Railway station in Toyohashi, Aichi Prefecture, Japan

Futagawa Station (二川駅, Futagawa-eki) is a railway station in the city of Toyohashi, Aichi Prefecture, Japan, operated by Central Japan Railway Company (JR Tōkai).

==Lines==
Futagawa Station is served by the Tōkaidō Main Line, and is located 286.7 kilometers from the southern terminus of the line at Tokyo Station.

==Station layout==
The station has a two island platforms connected to the station building by a footbridge; however, track 1 is not in use. The station building has automated ticket machines, TOICA automated turnstiles and is staffed.

===Platforms===

| 1 | ■ Tōkaidō Main Line | For Hamamatsu, Shizuoka |
| 2・3 | ■ Tōkaidō Main Line | For Toyohashi, Nagoya |

==Adjacent stations==

| « |  | Service | » |  |
Central Japan Railway Company
Tōkaidō Main Line
| Shinjohara |  | Special Rapid |  | Toyohashi |
| Shinjohara |  | New Rapid |  | Toyohashi |
| Shinjohara |  | Local |  | Toyohashi |

== Station history==
Futagawa Station was opened on April 7, 1896 on the Japanese Government Railway (JGR) Tōkaidō Line.
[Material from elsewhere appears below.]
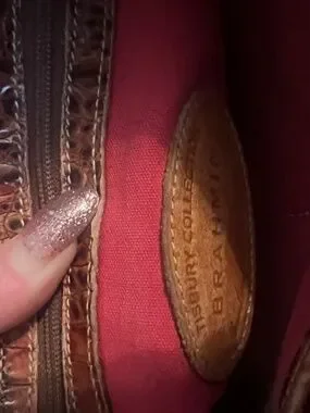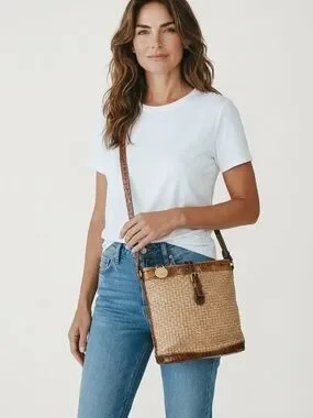 Brahmin vintage woven straw crossbody bag with signature croc-embossed leather trim and adjustable strap.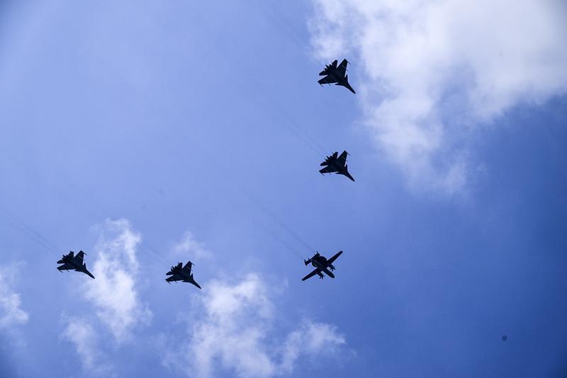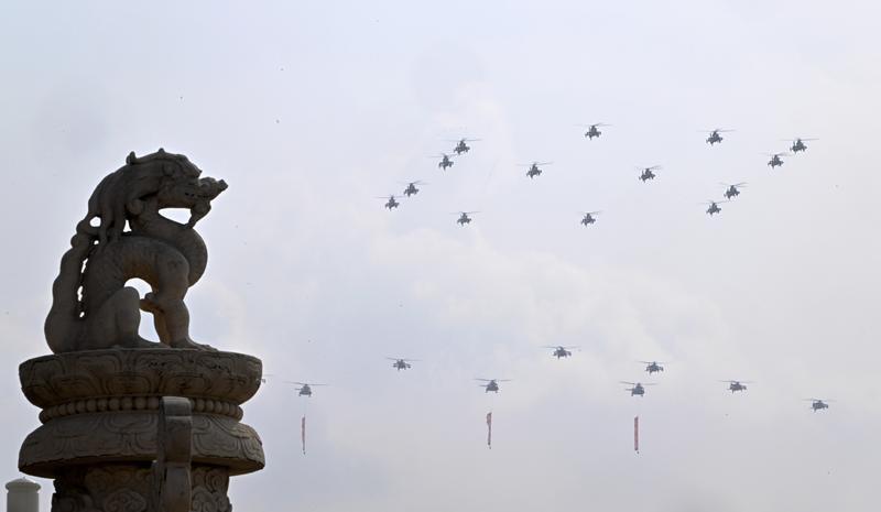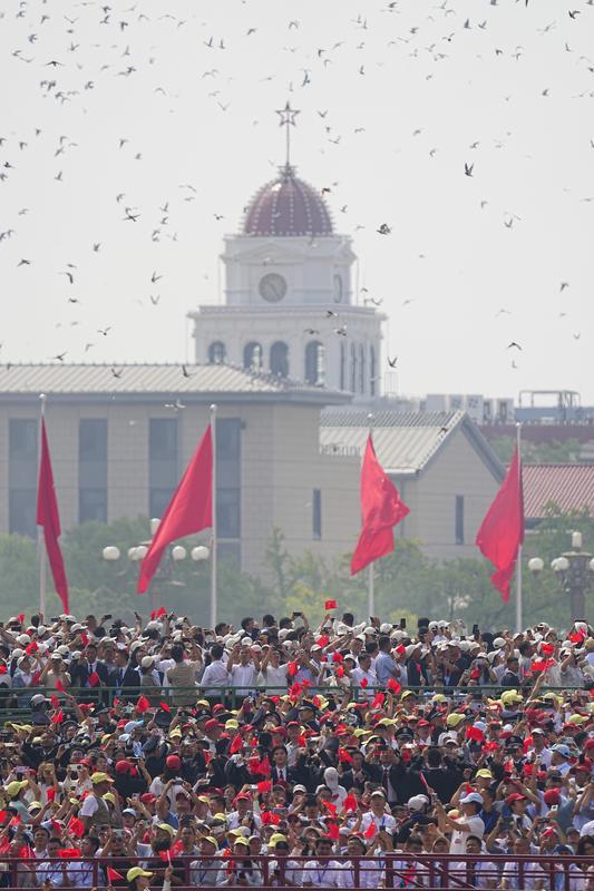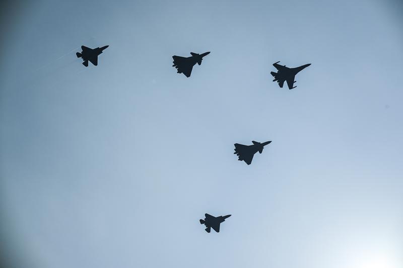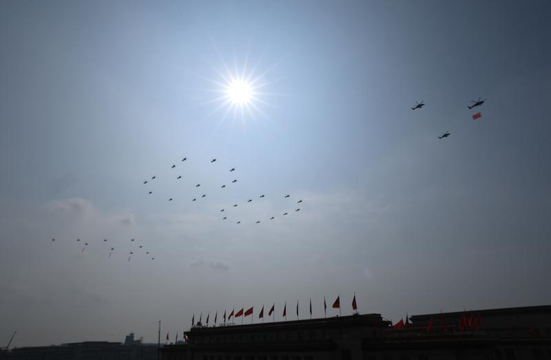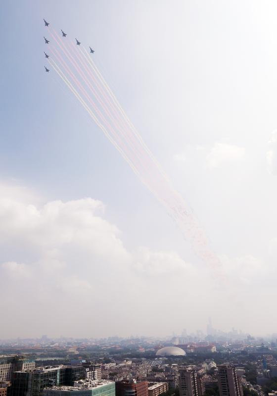 9月3日,紀(jì)念中國人民抗日戰(zhàn)爭暨世界反法西斯戰(zhàn)爭勝利80周年大會在北京隆重舉行。這是殲擊機(jī)梯隊接受檢閱。

The JGR became the JNR after World War II. Freight service was discontinued in 1971 and small parcel service from 1979. Along with the division and privatization of JNR on April 1, 1987, the station came under the control and operation of the Central Japan Railway Company. A new station building was completed from 2000-2002 (JR Tōkai). Automated turnstiles using the TOICA IC Card system came into operation from November 25, 2006.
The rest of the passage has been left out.